Here, the first configure method is a simple authentication configuration that is just an in-memory store of users. For demonstration purposes, there are two users:

  • admin user with ADMIN role and no password encryption rules for simplicity
  • basic user with BASIC role and no password encryption rules for simplicity

Furthermore, in the second configure method httpBasic() is being used, for no special reason rather than its simplicity and convenience for demo purposes, which means that we opted in for HTTP basic authentication and Spring Security will configure everything to support this auth scheme (more on HTTP basic auth https://datatracker.ietf.org/doc/html/rfc7617 ). If we tried to access any of the protected controller endpoints without the authorization header containing the credentials, we would get 401 unauthorized responses.

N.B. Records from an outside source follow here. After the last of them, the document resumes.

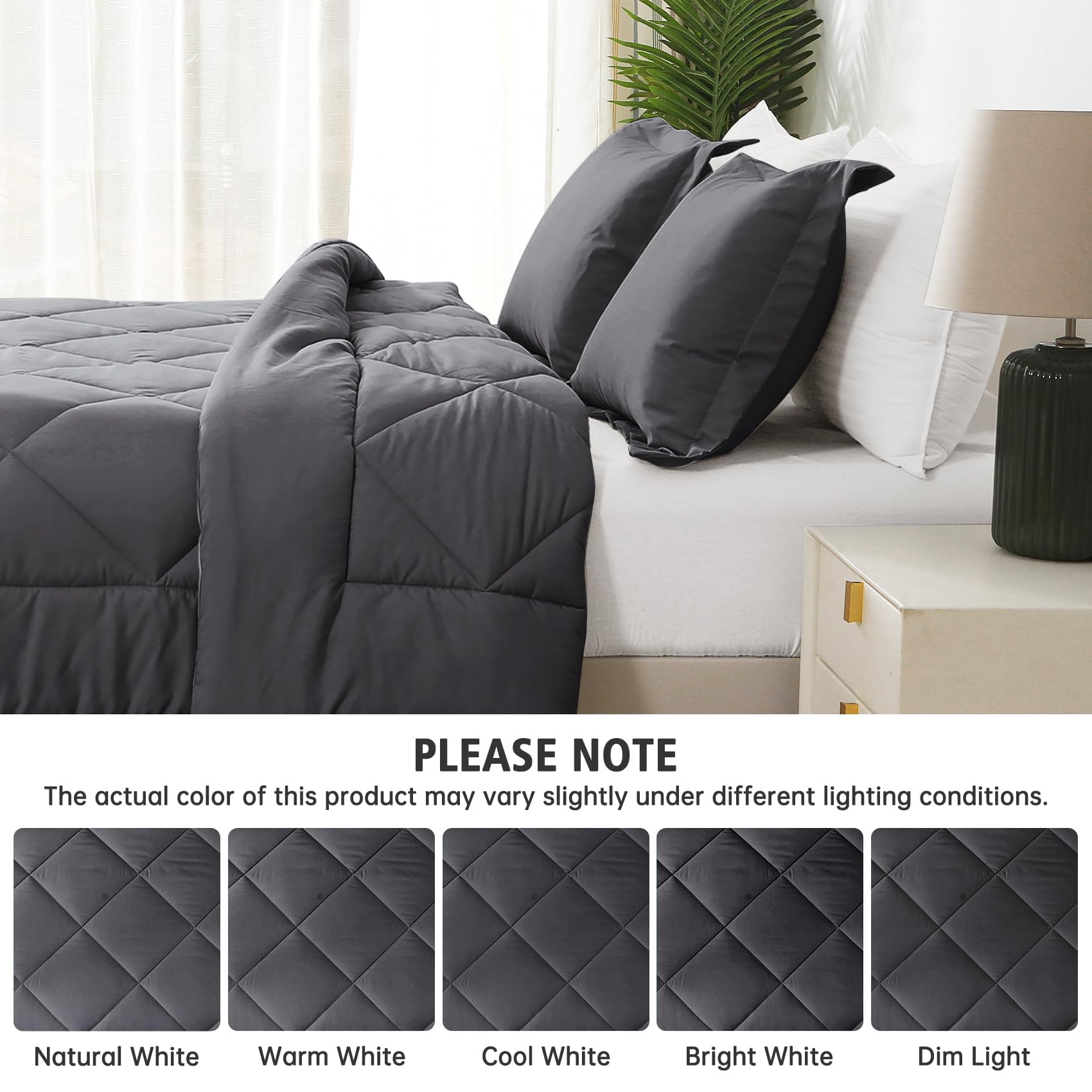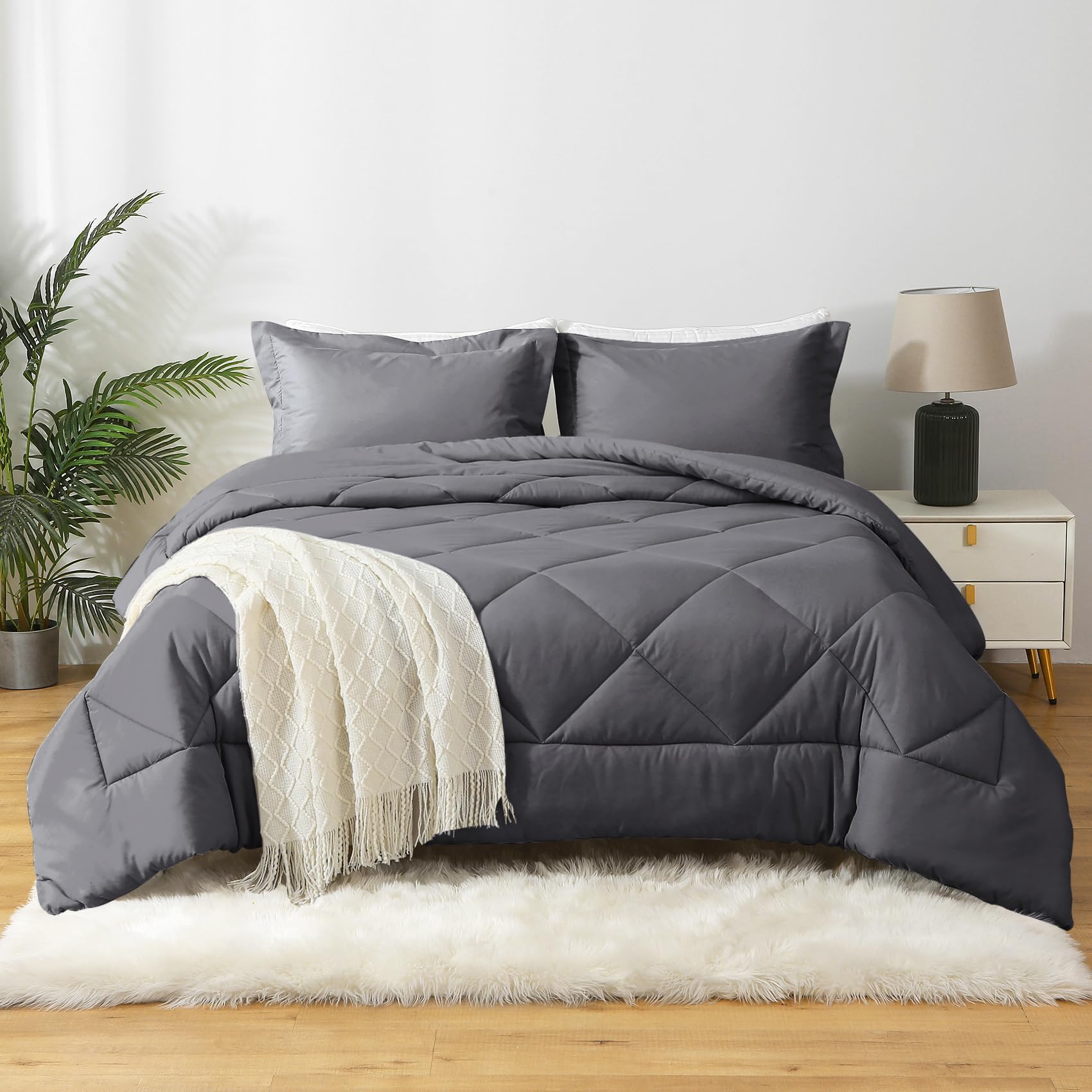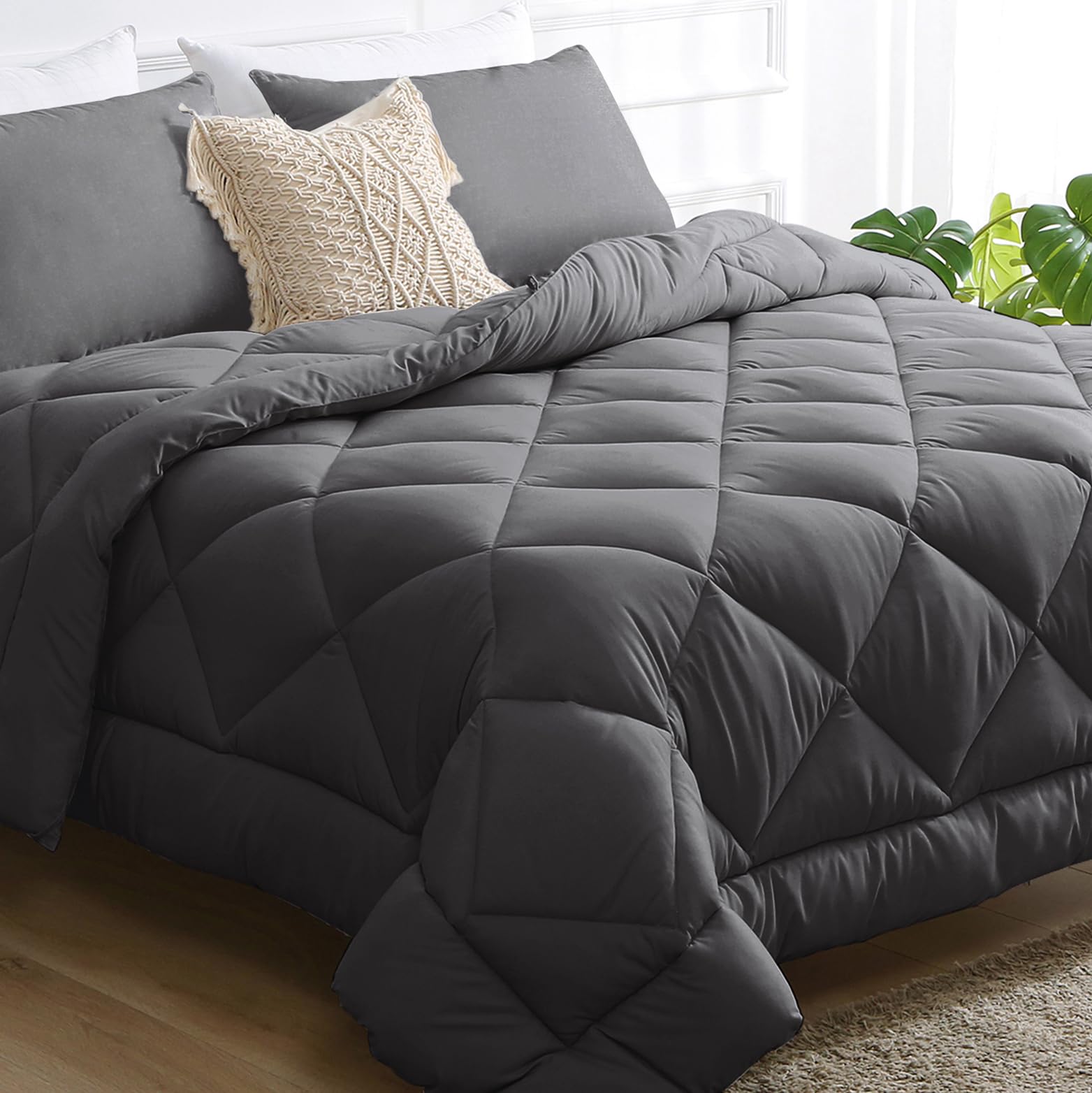 Dark Grey Queen Comforter Set, Reversible Bed in a Bag Bedding Set for All Seasons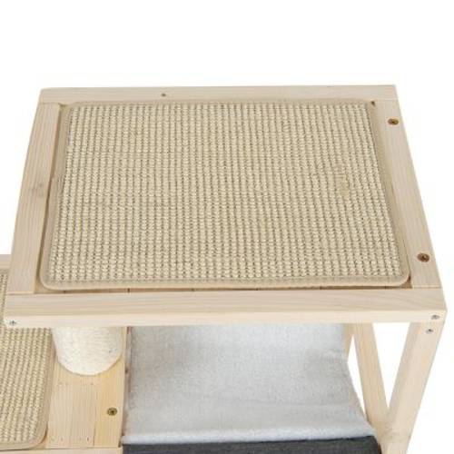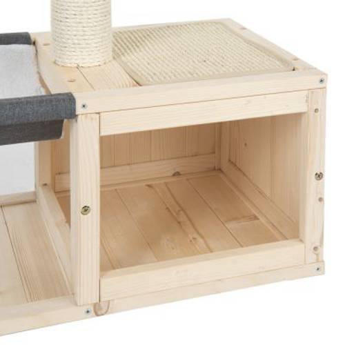 Domek do wspinania się i do zabawy dla kotów, solidna konstrukcja z drewna, duża platforma, 2 sizalowe maty i słupek do drapania, piłeczka do zabawy, duża jaskinia, hamak, kolor: naturalny / szary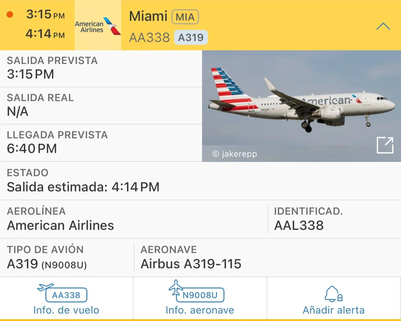 El vuelo de American Airlines que debía salir a las 3:15 p.m. con rumbo a Miami ahora saldrá a las 4:14 p.m.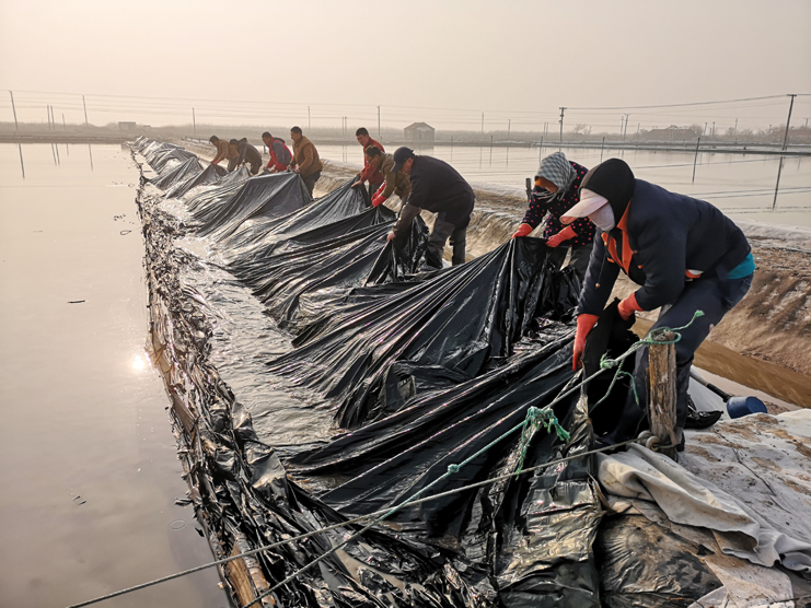 進入5月下旬,天氣時陰時晴,新河制鹽分公司積極組織勞動力,要求各班組做到扒鹽和塑布安裝相結合、相推進,截至當前,180塊計5400公畝塑布已經(jīng)安裝完畢,此項工作的完成對降低鹵耗,減少跑冒滴漏起著決定性作用。(程龍)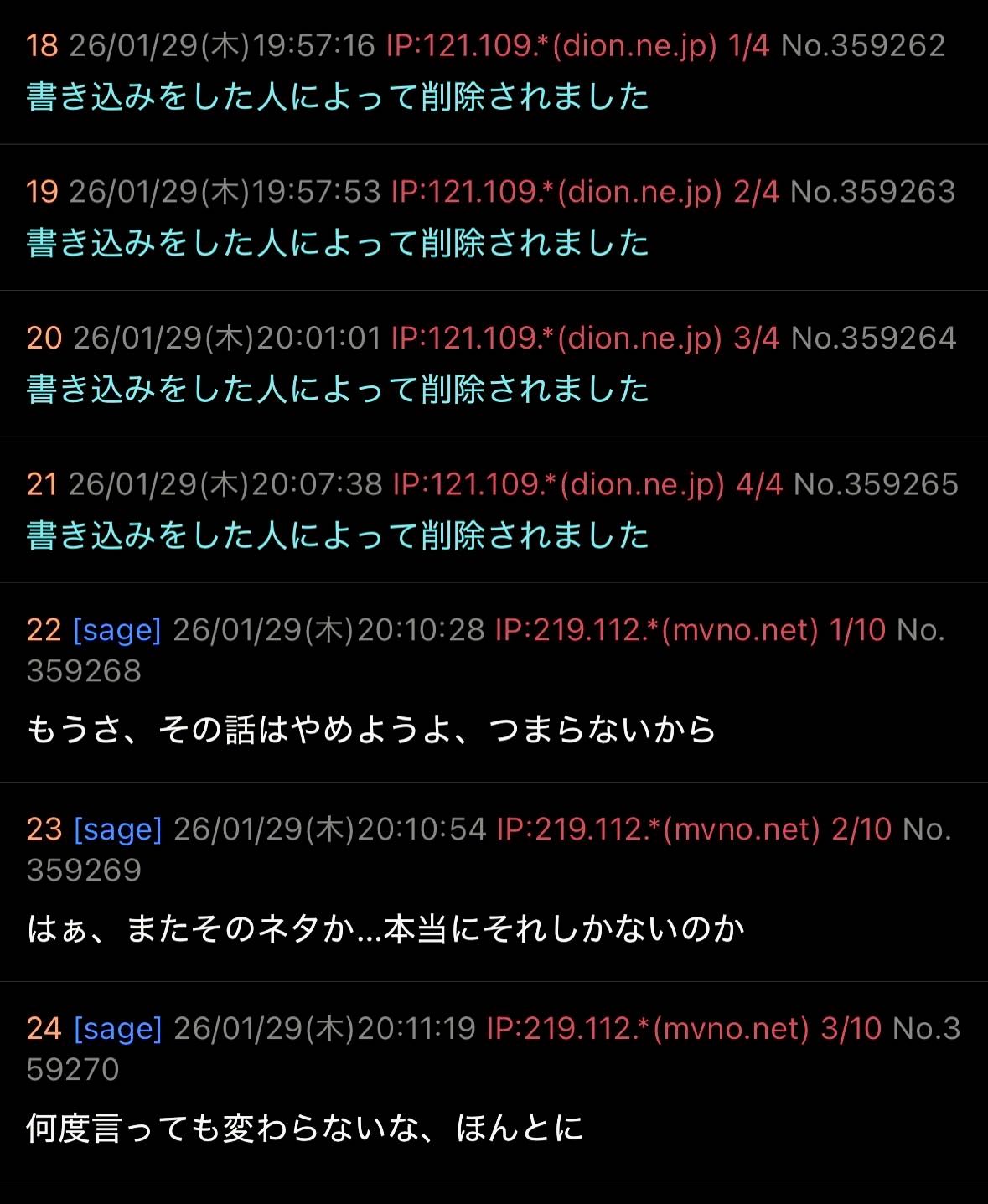 | … | 18無題Name名無し 26/02/04(水)00:11:35 IP:121.109.*(dion.ne.jp)No.359556+残念だったねw |

Now for the main topic of this article, the second configure method also demonstrates the usage of the aforementioned default Spring Security authorization expressions. For example, /admin-resource URI path can be accessed only by a user containing role ADMIN, while /basic-resource may be accessed by either admin or basic user. Moreover, /authenticated-resource assumes that the user must be authenticated, regardless of the role, to access this endpoint.

The code for our simple secured demo controller is provided below.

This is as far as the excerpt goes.